---------- Provided material ----------
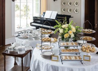 A buffet-style tea, complete with delicious scones, flavorful savories, and whimsically adorned desserts, is...
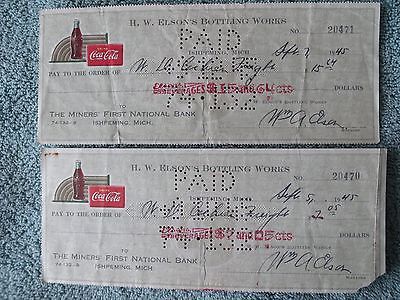 Ishpeming, Michigan Coca-Cola/Elson's Bottling, Lot of 2 Checks 1945
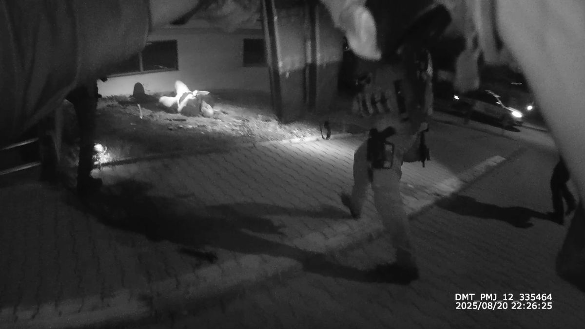 Pád ze zhruba dvoumetrové výšky ale příčinou mužových útrap není. „Dostal tou devítkou, nebo šest a půlkou?“ ptá se jeden z mnoha zasahujících policistů nositele kamery. „Já vůbec nevím, já nevím, kdo střílel…“ odpovídá mu.
----------
▶ **Problem description**:
Restate the data exactly, though only from the line that contains "Ishpeming, Michigan Coca-Cola/Elson's" through its last line, both ends included and with the pictures left out.

▶ **Answer area**:
 Ishpeming, Michigan Coca-Cola/Elson's Bottling, Lot of 2 Checks 1945
 Pád ze zhruba dvoumetrové výšky ale příčinou mužových útrap není. „Dostal tou devítkou, nebo šest a půlkou?“ ptá se jeden z mnoha zasahujících policistů nositele kamery. „Já vůbec nevím, já nevím, kdo střílel…“ odpovídá mu.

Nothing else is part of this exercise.